In the past few places I've lived (in Seattle and the SF Bay Area), there has been only a single high speed broadband provider (2 of those places had a DSL provider that promised "up to 1.5mbit" speeds), but that's barely enough for standard def streaming, and not nearly enough for HD streaming -- 1.5Mbit DSL was "high speed" 20 years ago.


Given that the US ISP industry has shown that it is wholly on-board for zero-rating their own services, have been questioning "why should YouTube get free access to our pipes", and have displayed an active interest in tiering the internet by site and not bandwidth... No. Ajit Pai is not right.

The information to make an informed choice between service providers is meaningless when most of us in the US have no practical choice.


I did consider it, but at least for me, it's only a negative. The key quote:

> [The repeal] will protect consumers and promote better, faster Internet access and more competition

First of all: I think the "competition" in question is along an axis that I'm not interested in; e.g. does this plan give me faster Netflix or unlimited Facebook. So now I have one more thing to worry about when picking a plan, which is very likely going to make me less happy with my choice.

The better/faster internet he's talking about is probably along these lines too, e.g a deal being struck with Netflix to make just Netflix faster.

So, for me as a consumer, I think this is terrible. I'm going to be spend more time thinking about my plan and be less happy it.

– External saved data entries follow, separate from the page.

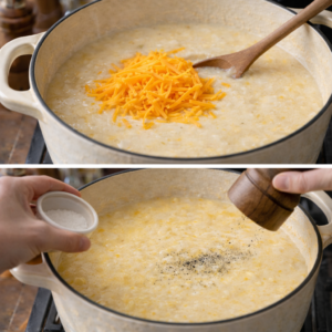 - Once the soup is creamy, I add shredded cheddar cheese.
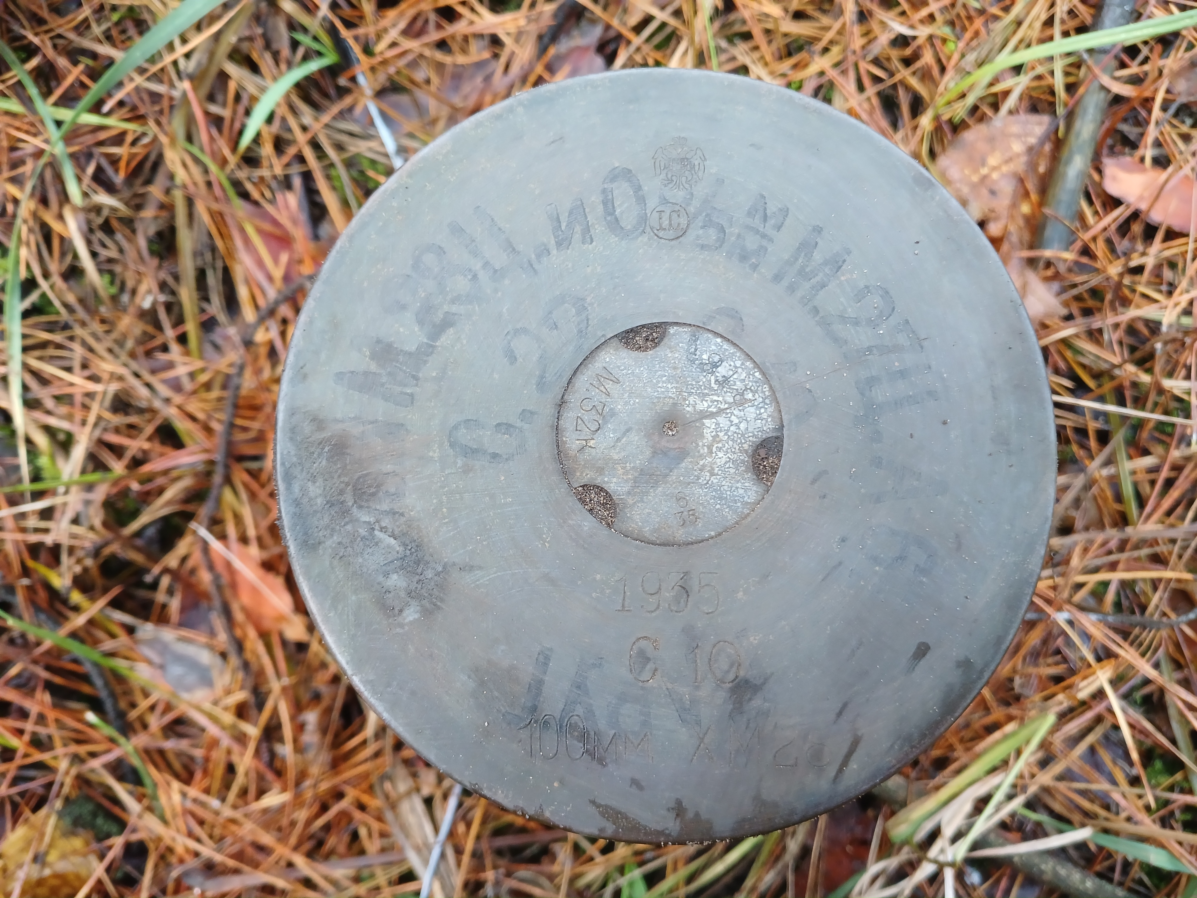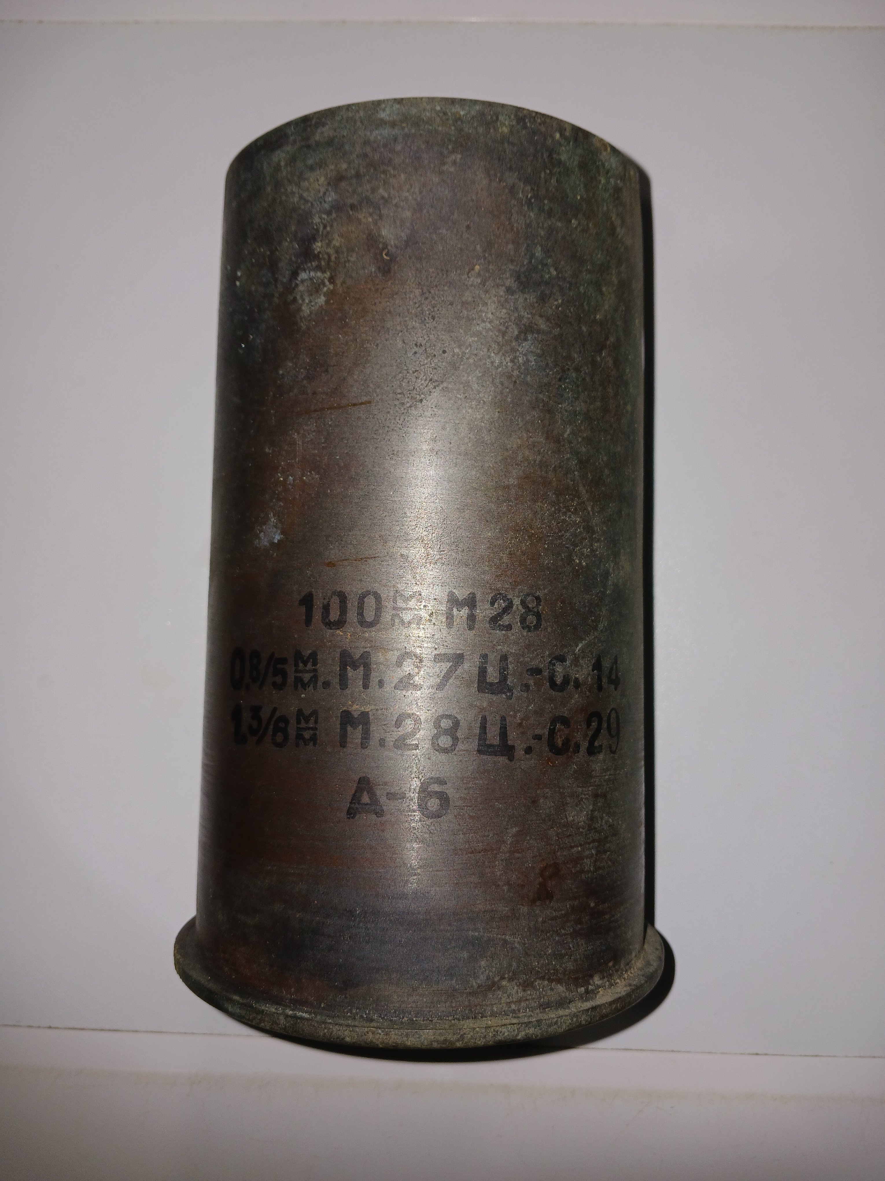 ...довоєнна Югославська (Королiвство С-Х-С) гільза від 100-мм гавбиці (скорше за все - модифікація 10 см гавбиці Шкода М-14 ?? ) https://ru.wikipedia.org/wiki/10_cm_FH_M_14
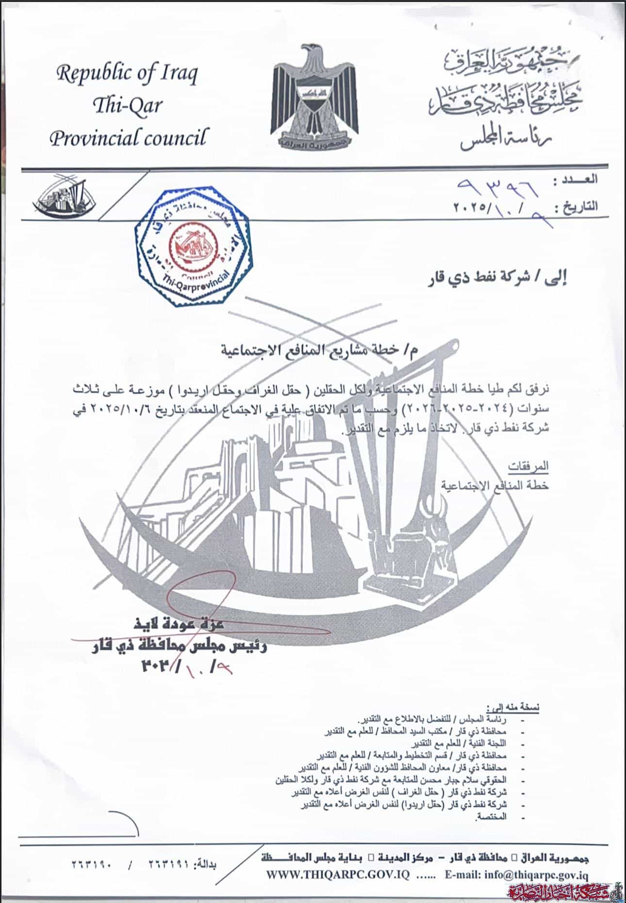 كشف معاون محافظ ذي قار لشؤون التخطيط، رزاق العلي، عن تفاصيل خطة المنافع الاجتماعية في المحافظة لثلاثة اعوام وانه تم المصادقة عليها في تشرين الاول 2025.
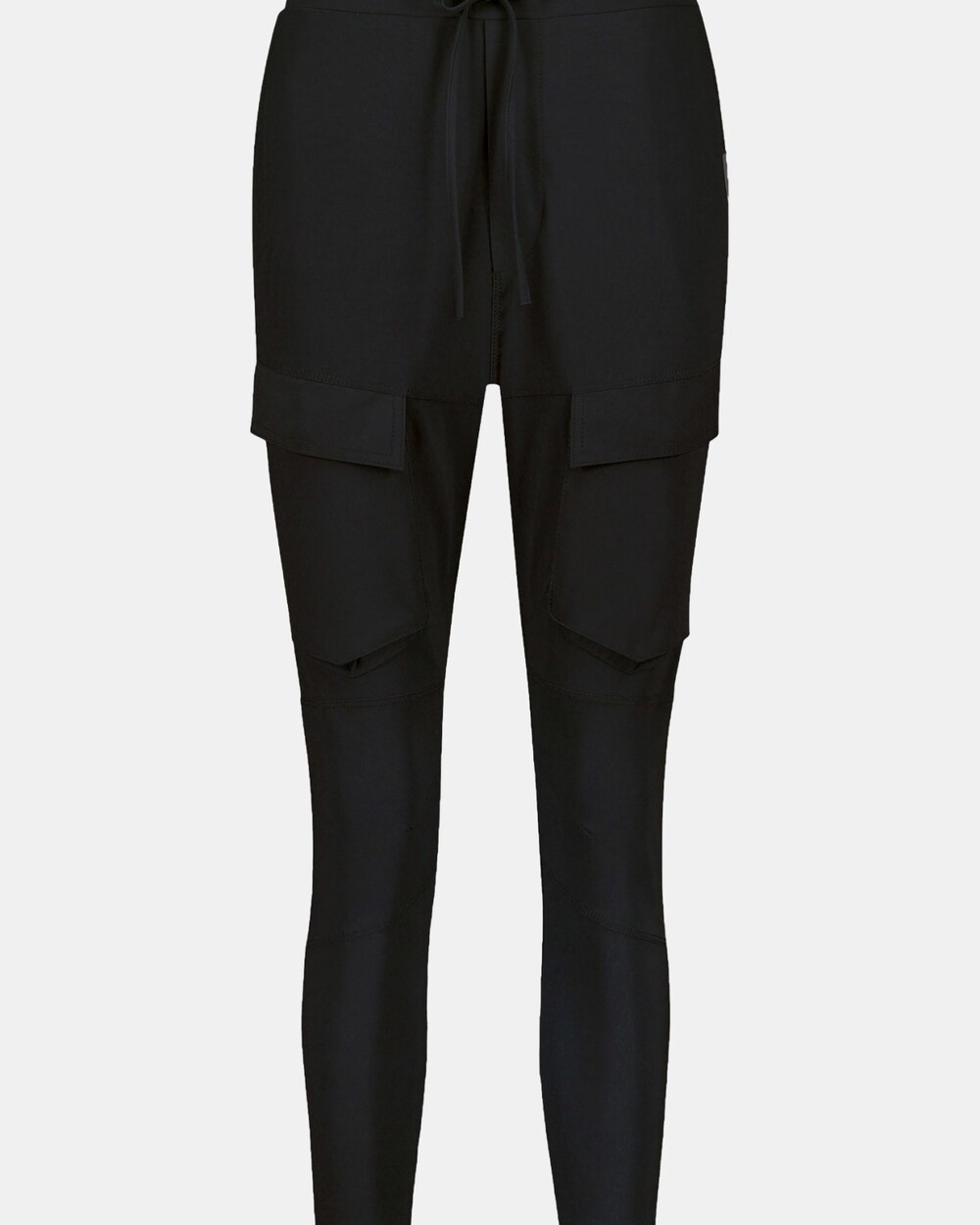 Slim leg pull on lightweight trouser with cargo packets on mid thigh, and elastic wasitband and tie at front
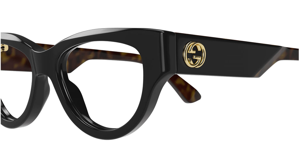 Occhiali da vista Gucci modello GG1665O linea GG Logo in acetato riciclato forma a gatto nero lucido con aste in tartaruga e lenti demo. Rivenditore autorizzato Gucci online. Gli occhiali vengono consegnati con custodia e accessori originali e sono coperti dalla garanzia ufficiale di 12 mesi del produttore.
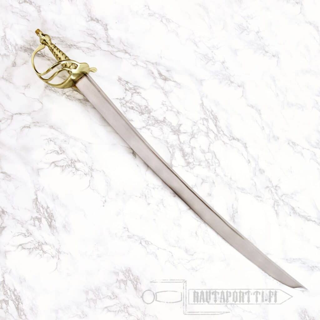 Carried during the late 1600s, through 1700s and well into 1800s, this sword was also called a hanger. (The term cutlass wasn’t used as an exclusive term for the sailor’s fighting sword until the 1800s.) In addition to sailors these swords were frequently also used on land by officers as a close quarters battle weapon because of its compact dimensions.
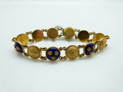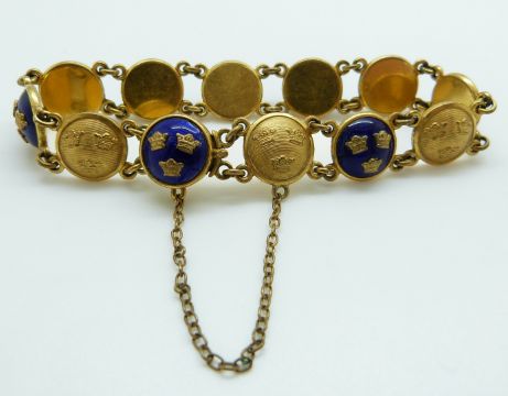A Swedish gilt bracelet set with circular links depicting three crowns to each with alternating blue enamel ground
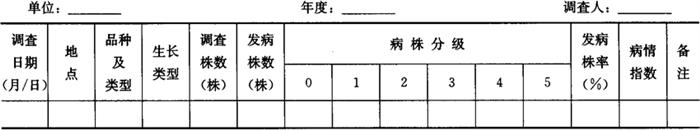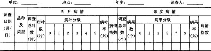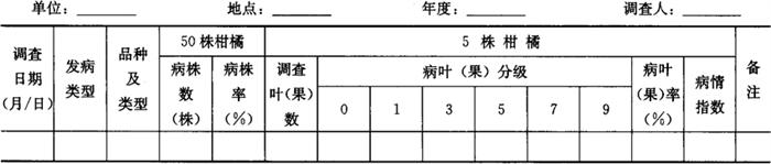 1.3.2 病情普查 掌握春、夏、秋梢叶在萌发后60天(或叶片革质化)、果实下部转黄时各调查1次。按病情程度选择轻、中、重三类型主栽品种橘园各5个以上。每个橘园查50株的株发病率、叶发病率或果实发病率。叶或果实最后1次调查时,增加病情指数考查。调查结果记载于表7-66。 表7-66 橘园溃疡病普查表
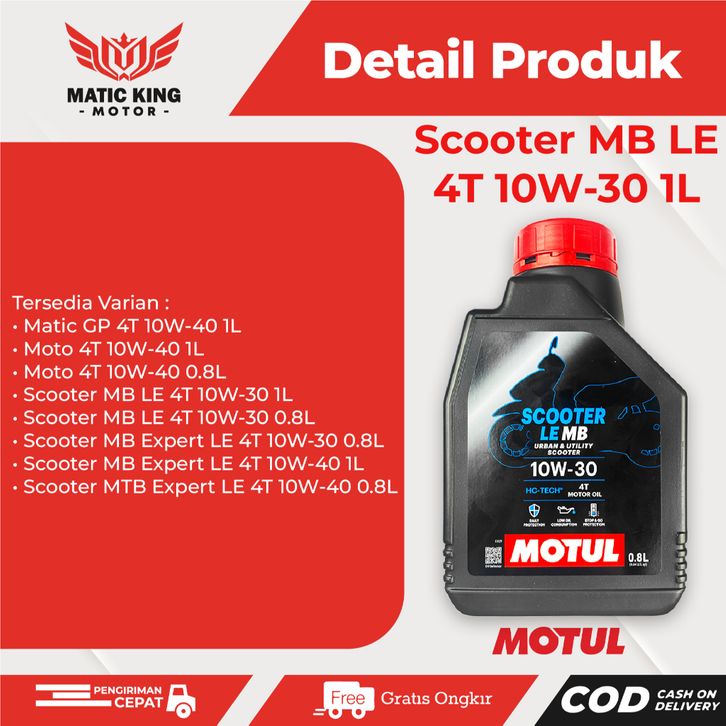 Promo Oli Motor Motul Oli Mesin Scooter Le SAE 10W-30 MB Oli motor matic 800 mili 1L
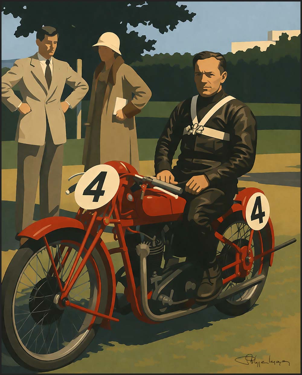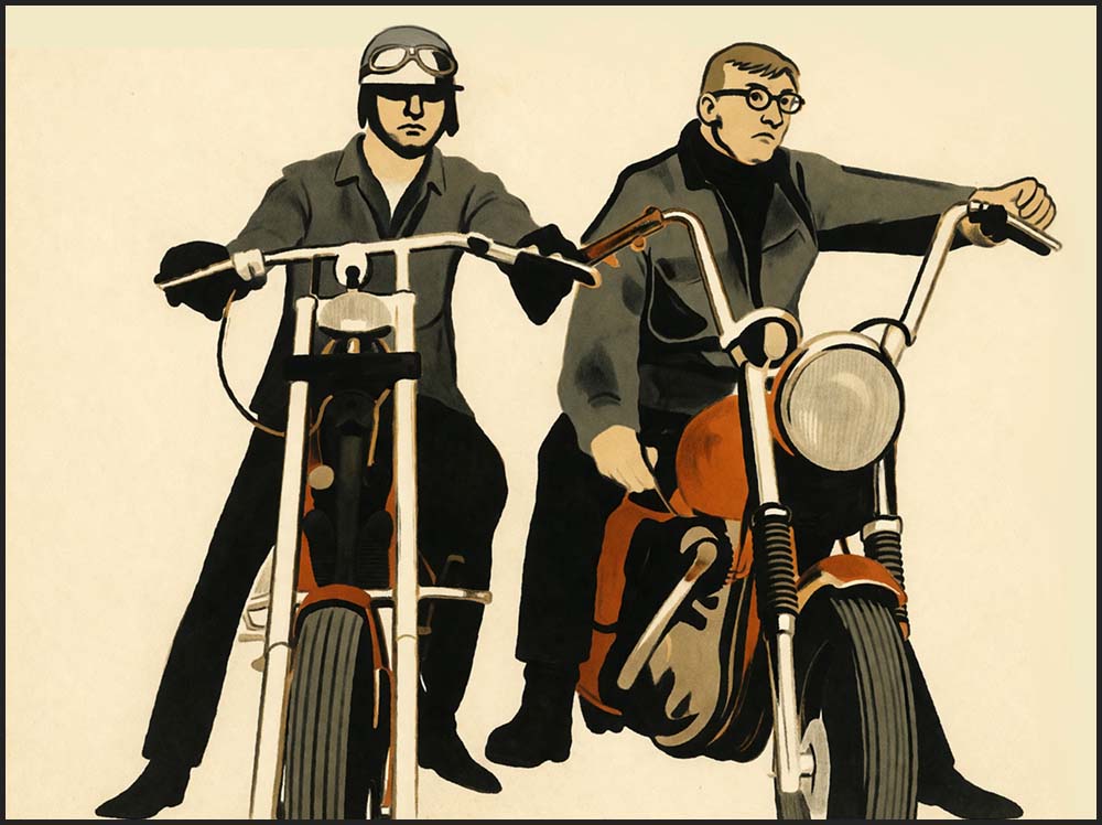 Chaque tableau restitue l’énergie brute, la tension mécanique et la complicité unique entre pilote et passager. Le style graphique, volontairement expressif et dynamique, joue avec la lumière, les textures métalliques et les contrastes pour évoquer le mouvement et la puissance.

It will also be worse in the sense that ISPs are spending time and money on a feature that I didn't want in the first place.

I also think this is terrible for new companies, but that's for another post.

A great book on this is The Paradox of Choice


His main point is that by allowing corporations to use abusive practices, there will be incentive for competition.

First of all, there is practically no competition to start with. Six ISPs control the majority of the market, and the majority of customers have only one ISP to choose from. Getting rid of net neutrality will not make other companies suddenly appear.

Secondly, one company doing worse does not make a competing company better. It makes it relatively better. That doesn't matter, especially if there isn't another company to begin with.

Put these together, and it's trivial to see that getting rid of net neutrality will not bolster competition. Pai's conclusion is nonsense. In our reality, we are only left with worse options.